発明者:Francis AND Holton →×
発明者:Laniel F. Hoffmann →×

発明の名称:railway-switch-operating →×
発明の名称:railway AND mechanism →×
発明の名称:"Vehicle tire" →×

登録番号が6桁か7桁かという問題では、ないようです。

ただ、こうして検索しているうちに、検索語を問わず検索結果で最も古い登録番号の頭が「1,3」で始まっているケースが多いことに気づきました。

そこで、1,300,000号と1,299,999号で上と同じことを試したところ、やはり発明者名や発明の名称などのキーワード検索で情報を取ることはできません。

ところが第1,400,000号は、発明の名称や発明者名などのキーワードから検索が可能になりました。
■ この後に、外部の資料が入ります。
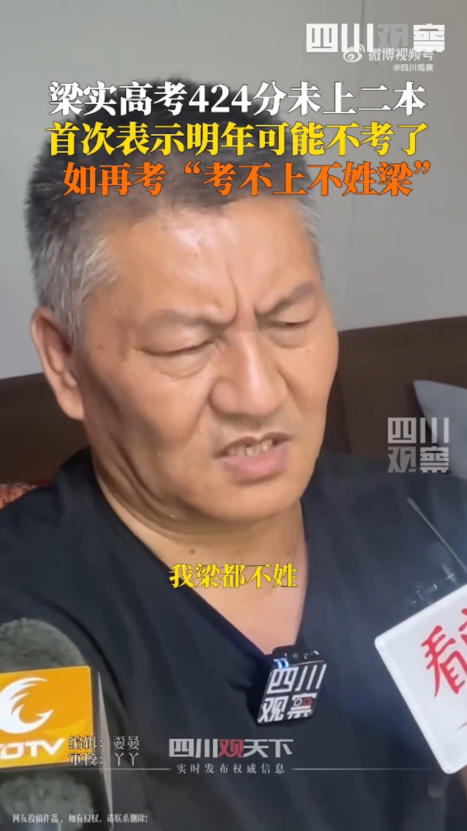 6月23日,四川高考成績公布,梁實總分考獲424分,他查分後一直嘆氣,無奈道「雖然說我覺得這一次考試是有點兒失敗,但是我想的話,無論如何不會低於去年這個分」。奈何今年成績比去年還差,為梁實帶來沉重打擊,被問到明年會否繼續參加高考時,梁實皺着眉頭回答「現在我根本沒得辦法說,(明年)也可能就放棄,如果明年真正要幹呢,明年不把它考起,我梁都不姓」。- j0 T) @9 l$ R: q; w$ @7 h

この第1,400,000号は、発明の名称が「valve grinder」、発明者名「Fidele Richard」です。
そして「Title」欄に「valve grinder」指定した検索でヒットする特許のうち、最も古いものは第1,328,197号。発明者名Fidele Richardでの検索は、第1,400,000号のみヒットします。

今回の調査で最初に拾ったRhein特許は、第1,327,114号でした。
第1,328,197号と第1,327,114号のどちらも頭が「1,32」から始まるため、1,320,000号で上と同じことを試したところ、発明の名称などから情報を取ることは、できません。

とすると、登録番号「1,32X,XXX」のいずれかの番号が、境になっている可能性が高いですね。

米国特許庁のFull-text database。
番号によって検索できる項目が違うということは、初めて知りました。

Rhein特許からずいぶん横道に逸れてしまいましたが、次回、話を元に戻して続けます。